We've spent the last 80 years (ostensibly) talking about how great representative government is, then we let people own a majority of voting shares so that they can run companies like dictatorships. I've worked at a company that could have remained more competitive (and done a better job of maintaining software that is critical to human life) if there had been more uptake of ideas from workers instead of simply trying to make shareholders happy.
number6
Strange that economic power is still handed down the generations like political was in the days of kings
blackeyeblitzar
> We've spent the last 80 years (ostensibly) talking about how great representative government is, then we let people own a majority of voting shares so that they can run companies like dictatorships.
I think it’s basically admitting that the right dictator, if they are there based on merit, can really perform better than someone who wins by their skill at campaigning. Forget voting shares - even when a single person doesn’t have that amount of control, you have a small board elected by shareholders who is essentially electing a dictator.
Personally I think most companies would do far worse if rank and file employees selected the CEO. But I haven’t thought much about it. Curious what ideas HN has on this aspect.
lenerdenator
I don't see it much of an admission of anything, personally. The admission would have had to come as an answer to a question that was never asked. To me, it's more of a way to keep the ruling class in place. It used to be done through government, now it's done through corporations.
And honestly, the corporation is a far more attractive model if you're in that racket. Rioters don't burn down corporate HQs, they burn down police stations. Public sector pay sucks. The corruption would be far too obvious... well, it would have been until relatively recently.
benxh
To prove you right, you can read up on the incredible giga-brained countrywide experiments by Kardelj in Socialist Yugoslavia [0]. The result being a country where no-one wanted to work, and everyone had a great standard of living (while the IMF didn't call in its loans). And then the entire country collapsed all at once under the accumulated mismanagement.

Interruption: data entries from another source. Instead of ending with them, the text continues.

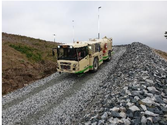
Utimec MF 500 SD (normet)

Auf dem Goldbergwerk Efemçukuru von Eldorado Gold beginnt Ende April der Test mit einem batteriebetriebenen Betonmischerfahrzeug Transmixer Normet Utimec MF 500 SD. Der Test erfolgt über einen mit einer 15% Steigung Schrägschacht in das söhlige Streckennetz des Bergwerks. Die Mischtrommel fasst 4,4 m 3 Beton und kann stufenlos auf eine Drehzahl von 0-13 U/min geregelt werden. Das Fahrzeug hat eine Nennleistung von 200 kW.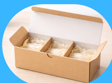
お菓子などの 紙箱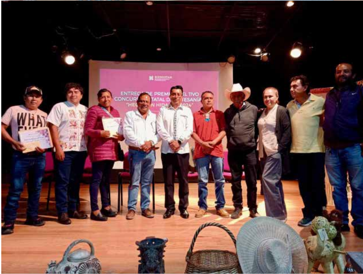
El objetivo de este concurso es incentivar la preservación del patrimonio cultural hidalguense

e c o n ó m i c o s el compromiso promoción de la para este sector del Gobierno cultura local y prioritario. Estas Municipal con sus tradiciones acciones reflejan el fomento y la ancestrales.

[0] - https://en.wikipedia.org/wiki/Workers%27_self-management#Yug...
siva7
I'm saddened to tell you fellow hackers here that the real world will be more like: "Replace your knowledge worker with an LLM" ordered by your CEO.
tbrake
I feel most bad for the other frogs in roles whose pots haven't even been put on the AI stovetop yet. I have general feeling they feel they're safe.

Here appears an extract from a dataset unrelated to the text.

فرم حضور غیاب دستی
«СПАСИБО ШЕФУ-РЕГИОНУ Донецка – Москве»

Looking at you specifically, Project/Program managers with little output other than attending meetings and asking for status updates and futzing with JIRA to get reports.
The dev frogs might not even be finished boiling before you notice your steam.
kerblang
Yet again HN gets weird with highly contradictory popular posts trending simultaneously
https://news.ycombinator.com/item?id=42923870 "A computer can never be held accountable"
coreyh14444
I'm mostly curious about the decision to do fine-tuning here instead of synthesizing a good system message, maybe a RAG setup with access to the slack database, etc. I tried fine-tuning on a content generation case when GPT 4 first came out and we had much better results without it. Also, you don't get the benefit of upgrading to new models when they are released.
empath75
I think you're putting way too much thought into what is basically a comedy bit.
bawana
imagine the share price jump when the first corp announces this!
null
Unfortunately our CEO at a 5000 person company that heavily uses Slack, still hasn't activated their Slack account, so I don't have much to finetune the bot on.